Start of Block

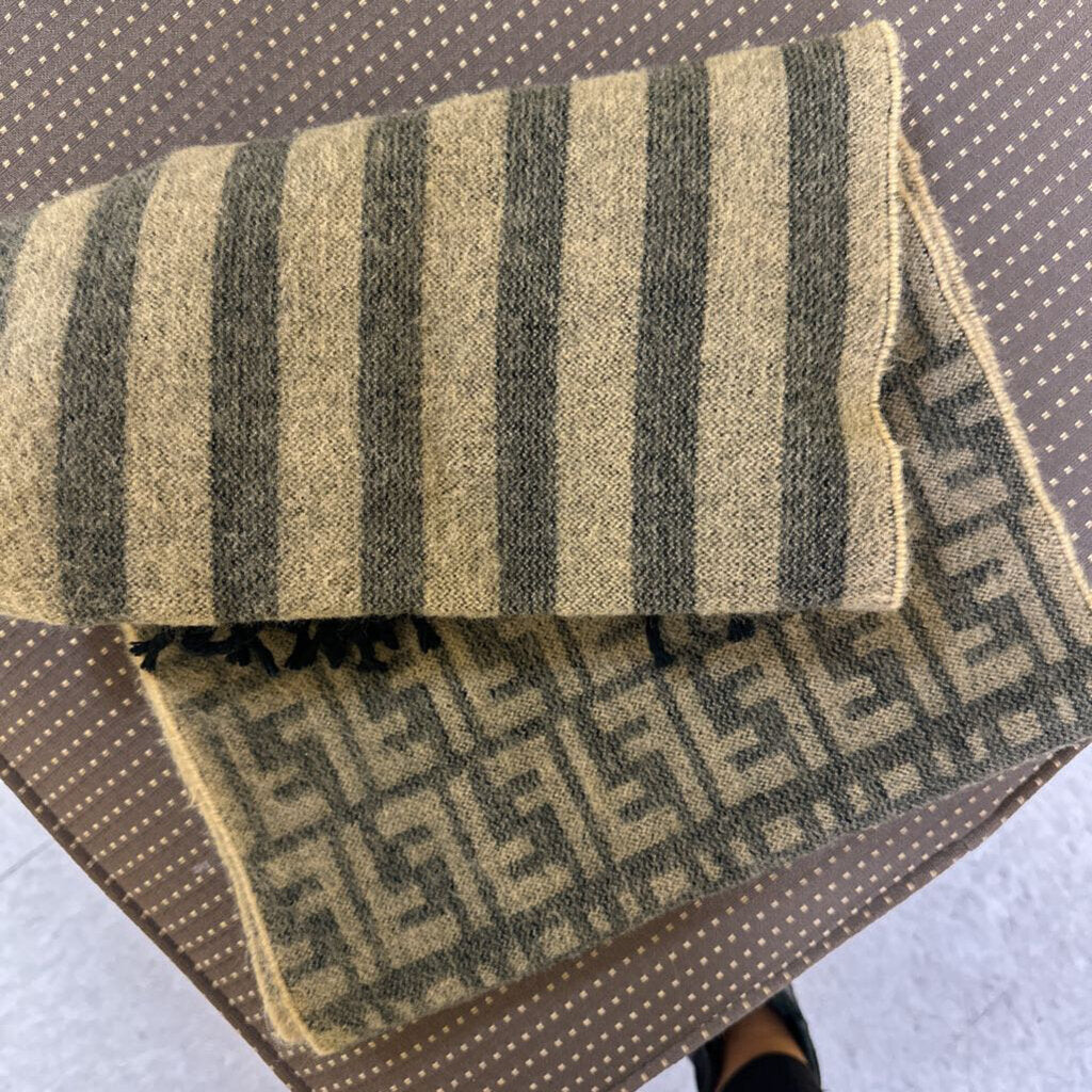 Vintage 90's Fendi FF wool scarf in brown and black with fringe ends.
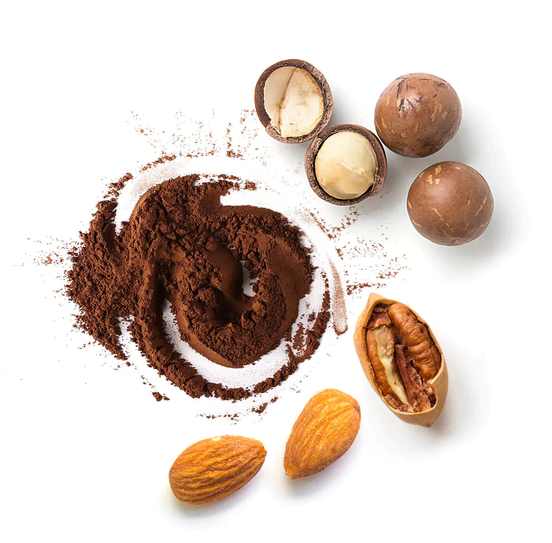 Tyčinka je vyrobena z prvotřídních ořechů, jako jsou makadamové. Ořechy obsahují řadu zdraví prospěšných živin, jako jsou antioxidanty, vitaminy, minerály, vláknina a omega-3 mastné kyseliny.
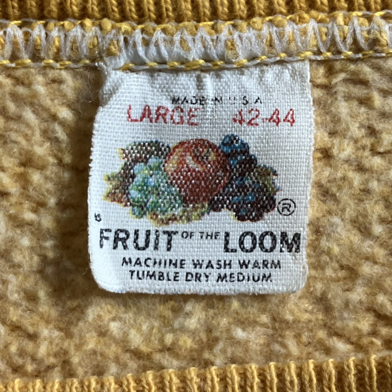 ビンテージTシャツの”ボディ”として圧倒的な人気を誇るフルーツ・オブ・ザ・ルーム(Fruit of the Loom)。主に1980年代のTシャツに多く見られる紙タグから1990年代前半までに作られたヴィンテージTシャツの多くがアメリカで製造されていた時代まで、タグの変遷を追うことで正確な年代が判別できます。

End of Block

Every word of the material above should be copied exactly; no pictures.

 Vintage 90's Fendi FF wool scarf in brown and black with fringe ends.
 Tyčinka je vyrobena z prvotřídních ořechů, jako jsou makadamové. Ořechy obsahují řadu zdraví prospěšných živin, jako jsou antioxidanty, vitaminy, minerály, vláknina a omega-3 mastné kyseliny.
 ビンテージTシャツの”ボディ”として圧倒的な人気を誇るフルーツ・オブ・ザ・ルーム(Fruit of the Loom)。主に1980年代のTシャツに多く見られる紙タグから1990年代前半までに作られたヴィンテージTシャツの多くがアメリカで製造されていた時代まで、タグの変遷を追うことで正確な年代が判別できます。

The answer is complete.